- **To do**
All lines from the one bearing "你遊戲創作封神,我送水冷!AMD Ryzen 9 9950X3D2 線上首賣開箱。" through the end of the data below must be printed exactly as they stand, with pictures removed.

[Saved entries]
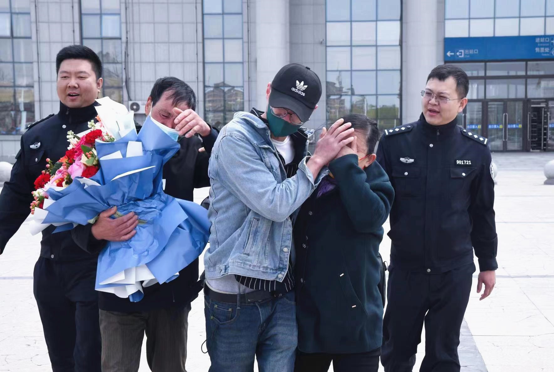 4月27日12时,由北京发往盘锦的D825次列车驶入盘锦北站,旅客陆续下车。王磊拉着行李箱,跟随离站人群,缓缓走向出站口。远远看到在民警陪伴下前来接站的父母,招手示意之间,他眼眶湿润了……
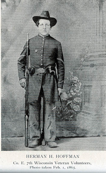 Herman H. Hoffman, as already indicated, was twelve years of age when brought to America by his parents. He had received most of his schooling in the old country, and he came to manhood with practically no knowledge of the English language except the ability to use some of the more common words in speech. He was twenty years old when October 20, 1864, he enlisted at LaCrosse, Wisconsin, in Company E of the Seventh Wisconsin Infantry. It was in the army that the need for an English education was forcibly brought home to him. He wanted to send some message home, and for that purpose sought out his most intimate comrade, asking him to write a letter. This comrade he discovered was unable to write and Mr. Hoffman realized that his deficiency was not only working a present hardship so far as communication with home and friends was concerned, but the same might prove a permanent bar to his advancement in a business way. He therefore determined without loss of time to acquire a knowledge of the English language. Of course his early education in the German tongue served him to good purpose, and he began reading newspapers and books even without understanding what he read and practiced writing on every scrap of paper he could find about the camp. Thus he largely educated himself by self application and his war experience was really his principal school after coming to America. That in no wise prevented him from serving capably as a soldier. He was with his regiment on all duties until honorably discharged July 3, 1865. The captain of his company, William H. Gildersleeve, wrote on the back of his discharge a very complimentary note saying that Mr. Hoffman had been a most faithful soldier under all circumstances, and that on one occasion he had left the hospital at his own volition and joined the regiment on hearing that his comrades had received marching orders.
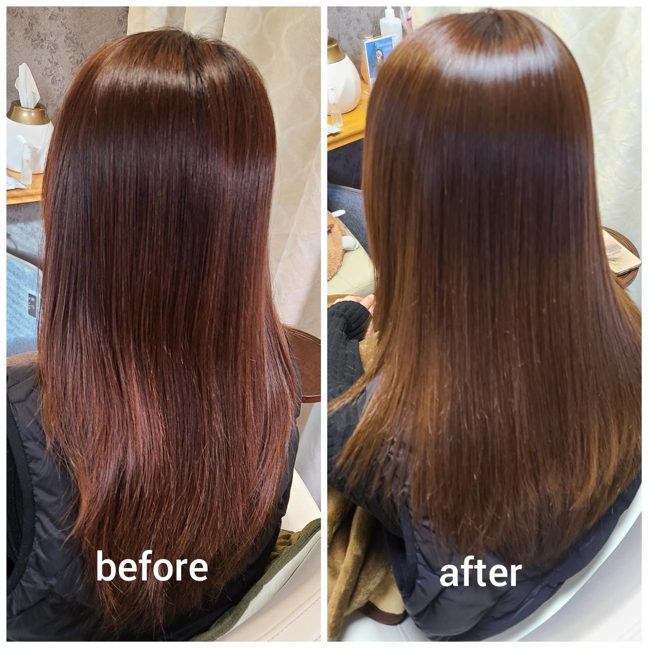 トリートメントは一切使わずに、仕上げは何もつけずに適当に乾かしただけです。ご自宅でのケアも市販の内容成分の薄いシャンプーやコンディショナーで十分です。
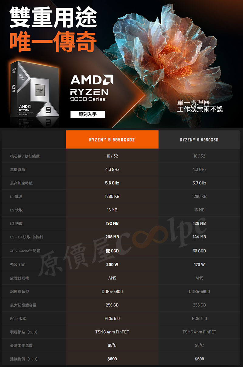 你遊戲創作封神,我送水冷!AMD Ryzen 9 9950X3D2 線上首賣開箱。
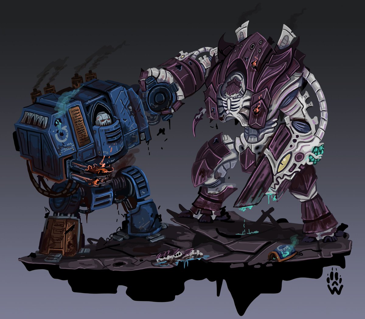Wolfdawg Art Venerable Dreadnought Vs A Mimictor Prime Warhammer40k Fanart Conceptart Tyranid
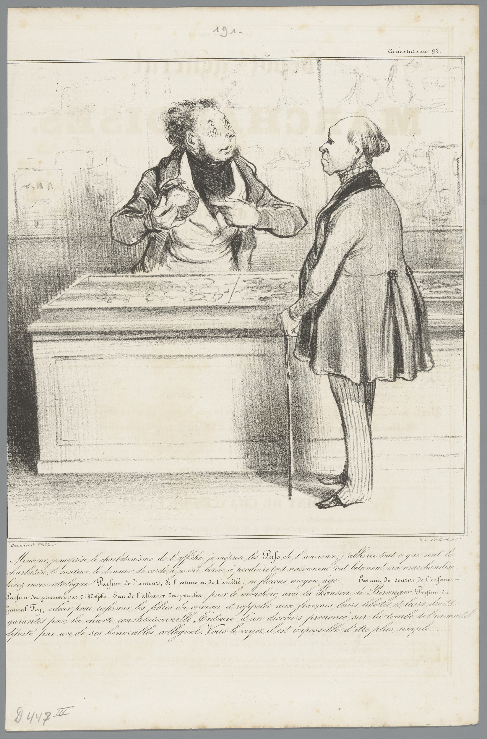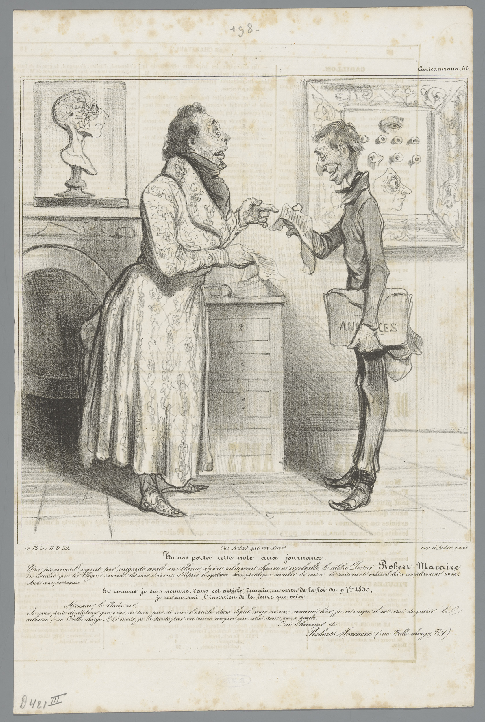 Apotheker Robert Macaire beveelt zijn klant een prod...

- **Exercise result**
 你遊戲創作封神,我送水冷!AMD Ryzen 9 9950X3D2 線上首賣開箱。
Wolfdawg Art Venerable Dreadnought Vs A Mimictor Prime Warhammer40k Fanart Conceptart Tyranid
 Apotheker Robert Macaire beveelt zijn klant een prod...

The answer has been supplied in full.